5) A thermal power station shall be capable of self-starting at least one unit after a
forced shut down without support from the external grid.
6) The first unit shall be capable of energising a portion of the power system within
four hours of shutdown.
B) Technical Requirements For Black Start Facilities
1) Each black start facility shall be available at least 90% of the year as long as
maintenance and repairs are coordinated such that there is at least one
facility available all the time.
2) Geographical location of a unit capable of black starting has to allow for
restoration without technical constraints.
3) The station shall conduct periodic diesel generator compliance monitoring
tests as required by the System Operator.
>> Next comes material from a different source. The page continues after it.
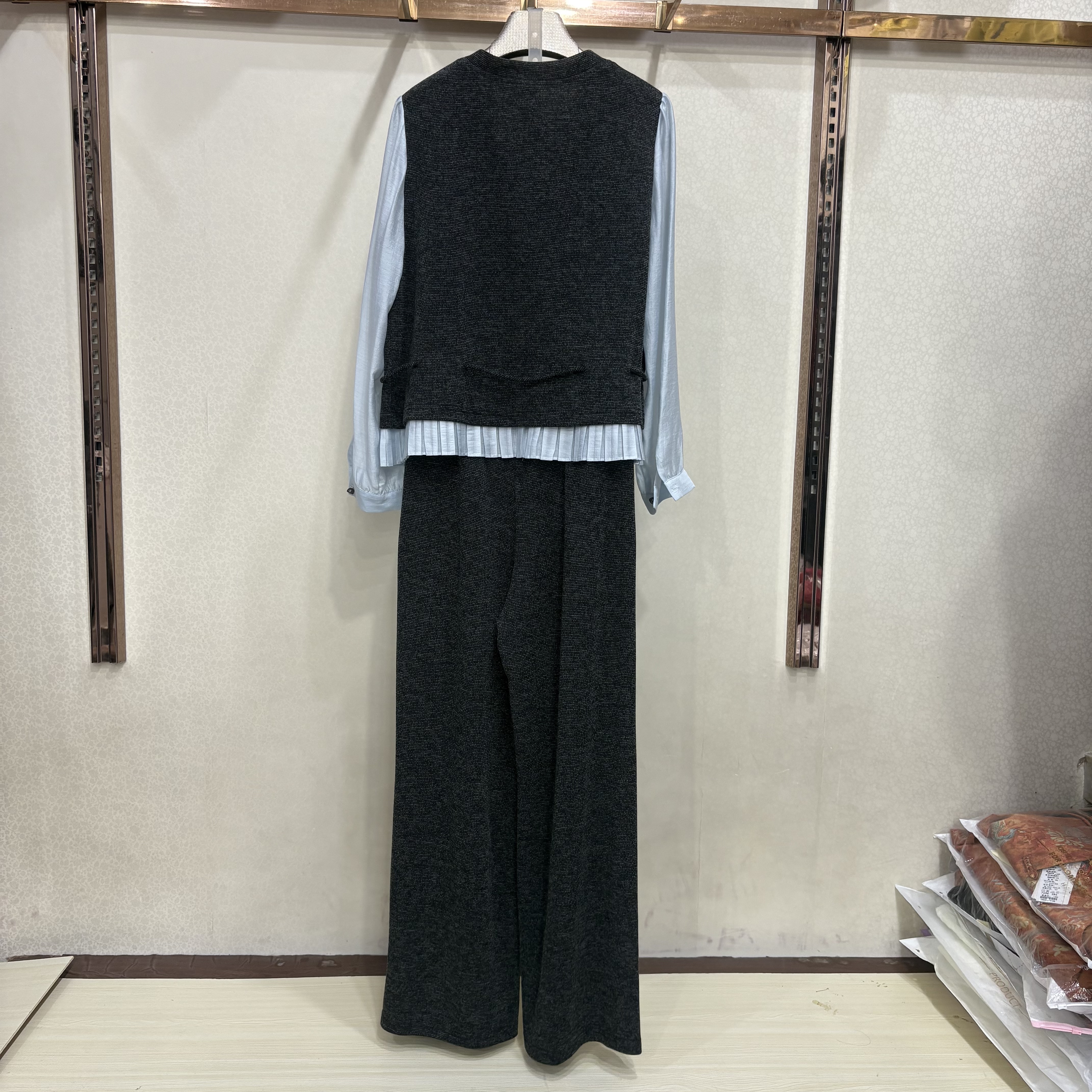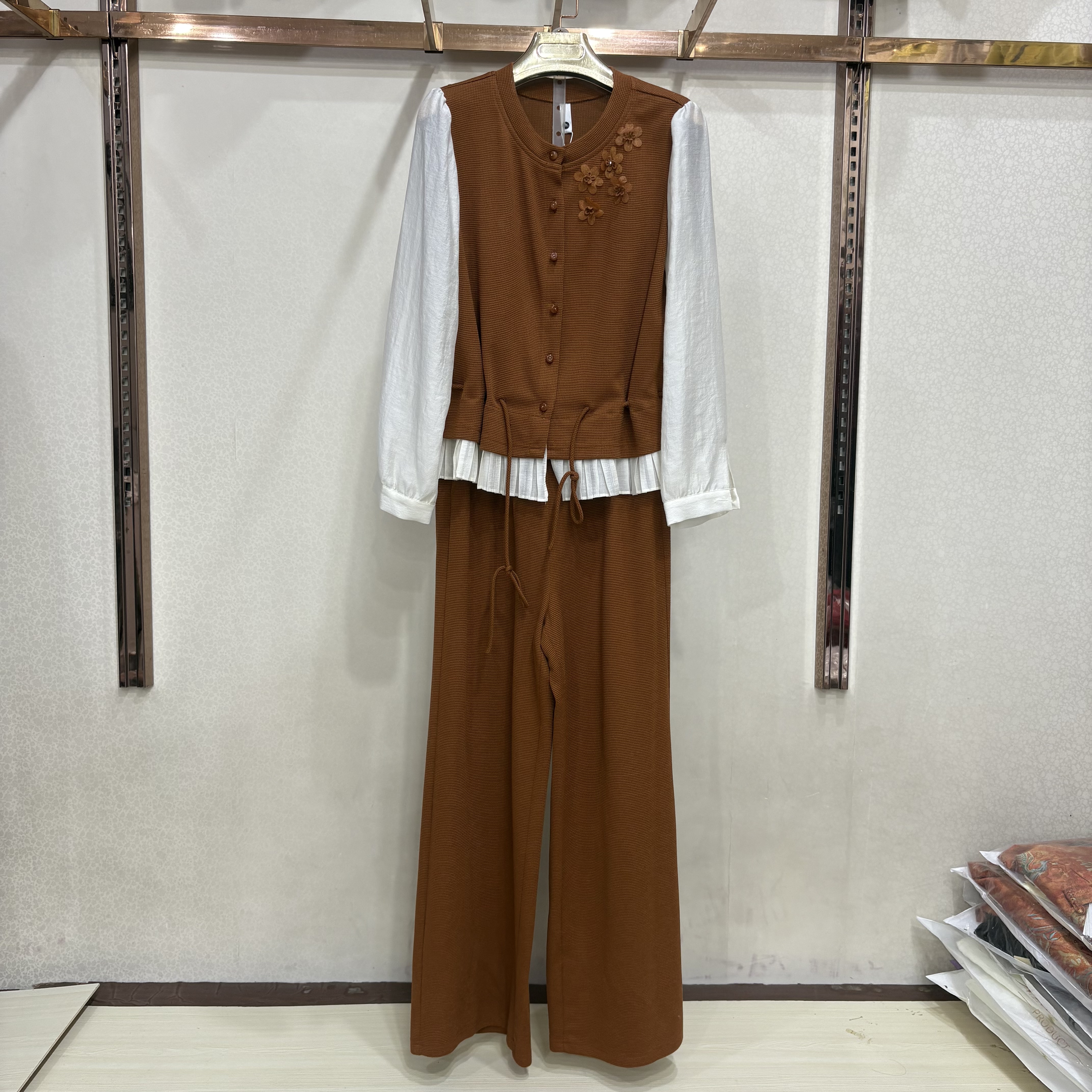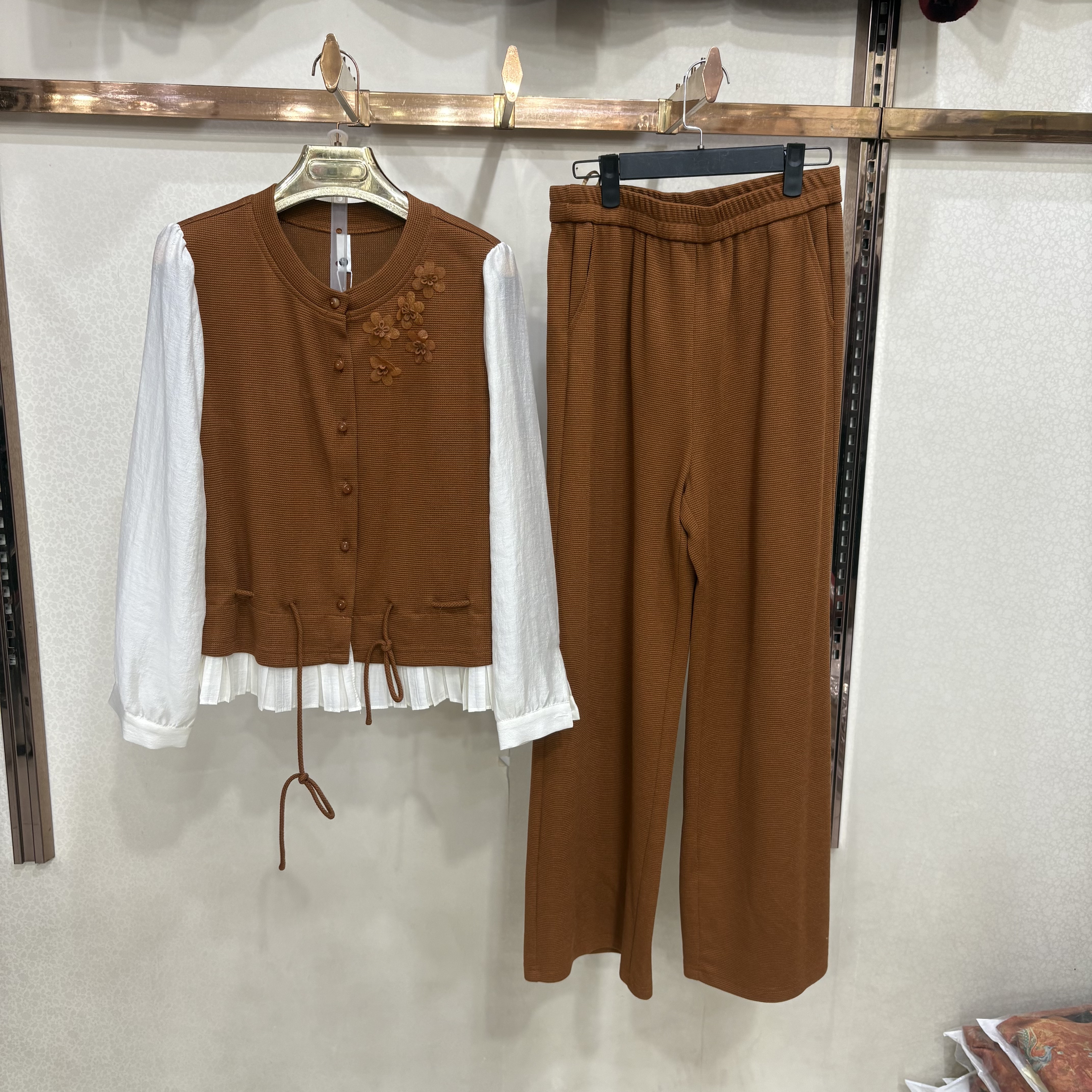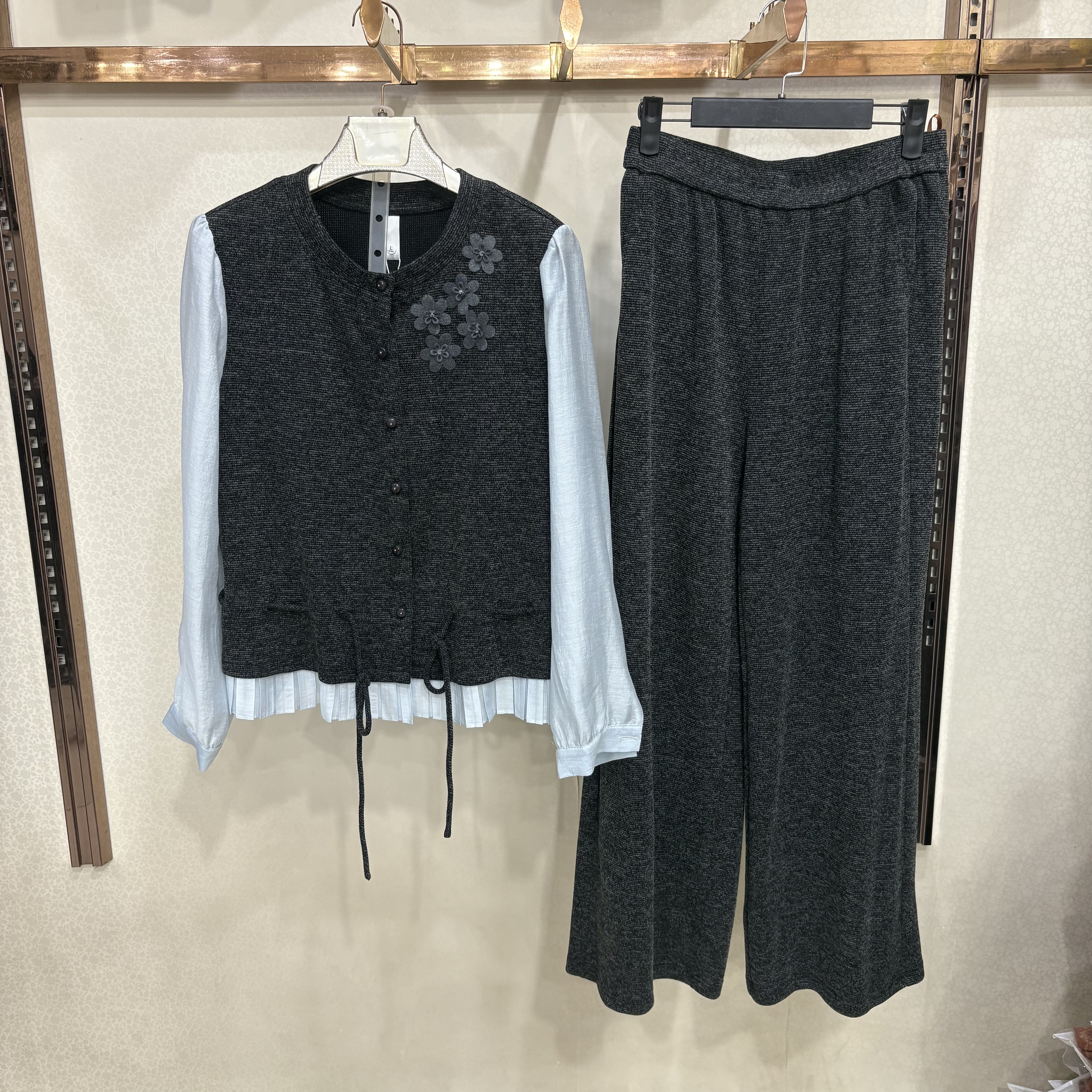 商场同款86006春季新款假两件拼接上衣+阔腿裤两件套抽绳收腰套装

These tests include testing the self-
start facility and monitoring fuel and water levels.
Periodic self-start tests involve;
Full Speed No Load [FSNL] – run machine once a week for 2 hours
Full Speed Base Load [FSBL] – run machine once a month for 3 hours
o The tests are done to “heat soak” the machines, so reducing the
risk of rotor and stator misalignment of the diesel generator.
4) There shall have sufficient water/fuel for three black start attempts on the unit
at all times.
5) Units contracted for black start shall be capable of providing sufficient reactive
power support to control the declared transmission voltages between ±5% of
nominal voltage.
6) The unit shall be capable of picking up load blocks of 30 to 50 MW.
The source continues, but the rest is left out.